= Beginning of Section =

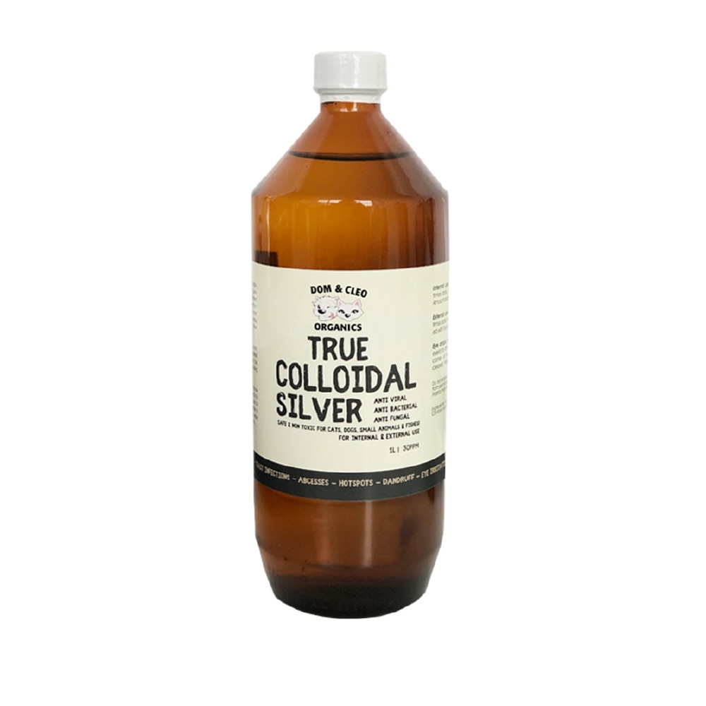 Dom & Cleo Organics True Colloidal Silver may be ingested or applied to any area of the body for disinfection and to aid healing. A must have in every pet household, Dom and Cleo Colloidal Silver works as an external antimicrobial or disinfectant for wounds, sores, bites, burns, eye and ear infections, ringworm, skin rash and gum & breath spray. To inhale, use full strength in a nebulizer or add to water in atomizing humidifiers. May be used in fresh water aquariums or applied directly to marine fishes.
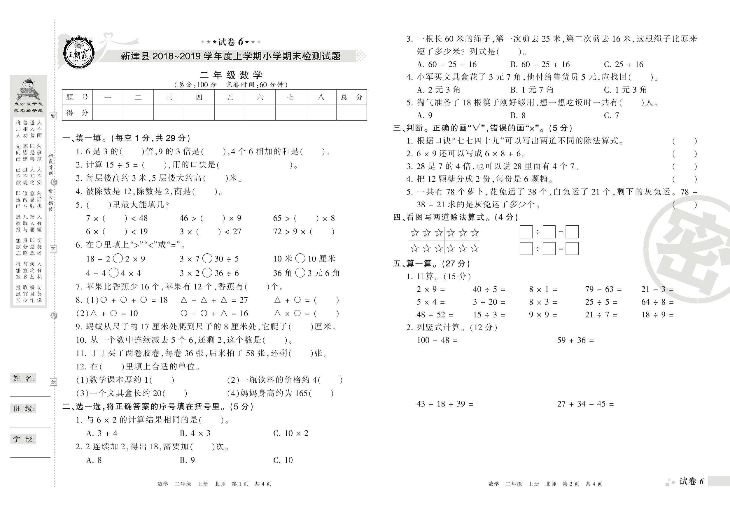 2018-2019学年第一学期成都市新津县二年级数学试卷(北师版)【6】
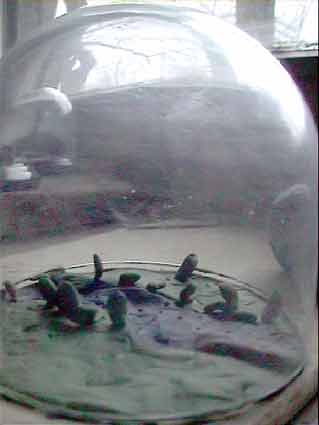 Erste An-Näherungen. Noch ohne den Schnee. Unter der Glocke in der Hand nun, die bergende, im Spiel wiederherstellende. Nur so möglich, was heute durch Entwässerung und Gestäuch zugewachsen, noch zu beschwören ist. Schnee auf sommerlichem Grün, wie nie gewesen. Bald auch das.
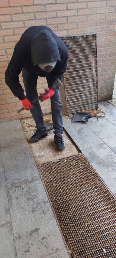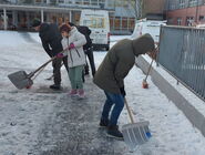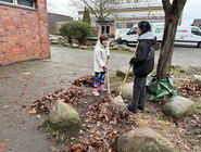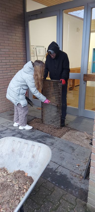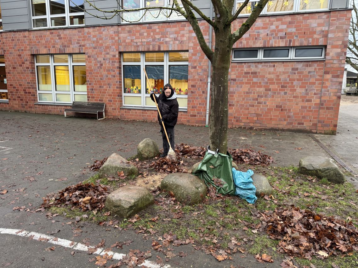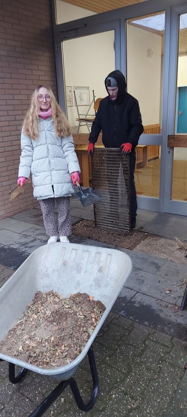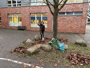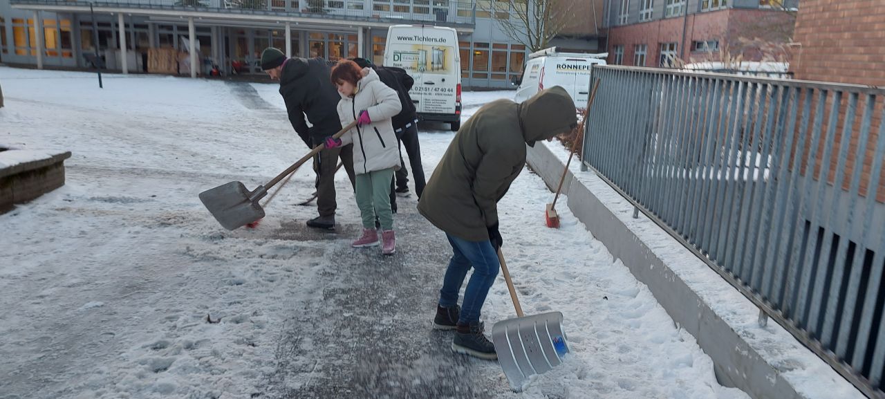Die Arbeitslehre "Garten" ist bei Wind und Wetter draußen. Jetzt im Winter müssen wir Schnee schieben, Blätter wegfegen oder die Schmutzfanggitter reinigen.
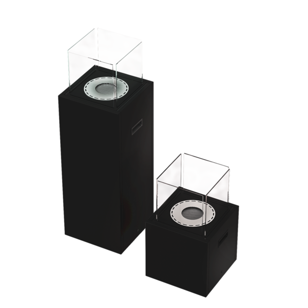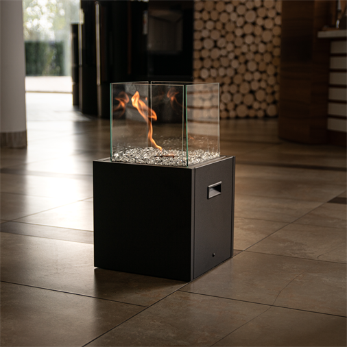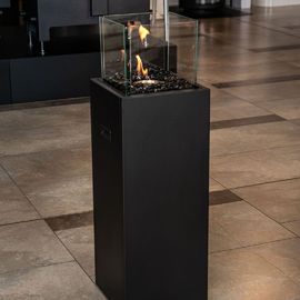 Vier Glasscheiben bieten rundherum Schutz vor der offenen Flame. COLUMN ist in zwei Größen erhältlich.
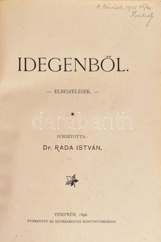 https://www.darabanth.com/en/396-Online-auction/396.0/Books/Books-Other-rarities~1000024/Idegenbol-Elbeszelesek-Ford-Rada-Istvan-Veszprem-1896-Egyhazmegyei-Konyvnyomda-Kiado~II2406258
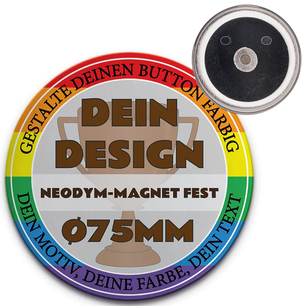 Der 75mm Button mit festem Neodym-Magnet & Umrandung ist die perfekte Wahl, wenn Du mit Deinem Design maximale Aufmerksamkeit erzielen möchtest. Diese beeindruckende Buttongröße bietet reichlich Platz für großflächige Fotos, auffällige Ankündigungen oder kreative Designs, die garantiert ins Auge stechen. Ob für Events, Marketingkampagnen oder persönliche Botschaften – der 75mm Button steht für Stil und Präsenz und eignet sich hervorragend, um Deine Ideen in Szene zu setzen. Die individuell gestaltbare Umrandung ermöglicht Dir zusätzliche kreative Freiheiten und verleiht dem Button eine professionelle Note.
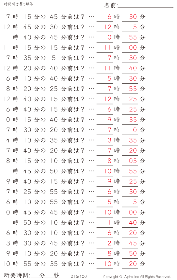 上記のボタンから「時間引き算5:5分単位」の算数数学ドリル・計算ドリル(PDFプリント)がダウンロードできます。個人利用は無料です(家庭以外での配布は有料です)。
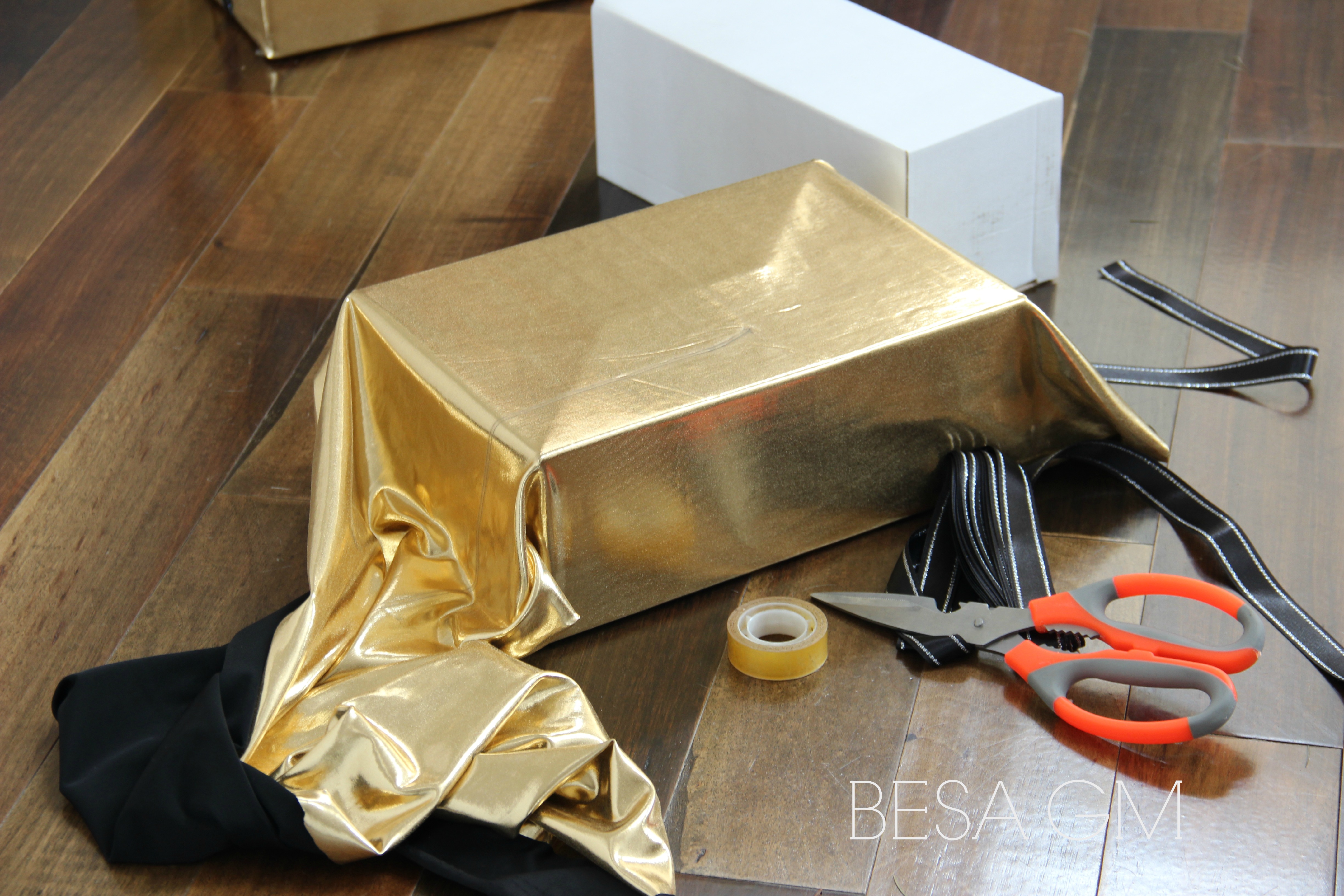 To create this look ( for three medium boxes) you need 60 cm of metallic stretch fabric, 5 meters of two sided black sateen ribbon, self adhesive tape, scissors, thread and a needle.

= End of Section =

▶ Work instructions: Would you repeat exactly, and only, the lines from the start of the records above through the line containing "Vier Glasscheiben bieten", with the pictures omitted?

▶ Problem solution:
 Dom & Cleo Organics True Colloidal Silver may be ingested or applied to any area of the body for disinfection and to aid healing. A must have in every pet household, Dom and Cleo Colloidal Silver works as an external antimicrobial or disinfectant for wounds, sores, bites, burns, eye and ear infections, ringworm, skin rash and gum & breath spray. To inhale, use full strength in a nebulizer or add to water in atomizing humidifiers. May be used in fresh water aquariums or applied directly to marine fishes.
 2018-2019学年第一学期成都市新津县二年级数学试卷(北师版)【6】
 Erste An-Näherungen. Noch ohne den Schnee. Unter der Glocke in der Hand nun, die bergende, im Spiel wiederherstellende. Nur so möglich, was heute durch Entwässerung und Gestäuch zugewachsen, noch zu beschwören ist. Schnee auf sommerlichem Grün, wie nie gewesen. Bald auch das.
Die Arbeitslehre "Garten" ist bei Wind und Wetter draußen. Jetzt im Winter müssen wir Schnee schieben, Blätter wegfegen oder die Schmutzfanggitter reinigen.
 Vier Glasscheiben bieten rundherum Schutz vor der offenen Flame. COLUMN ist in zwei Größen erhältlich.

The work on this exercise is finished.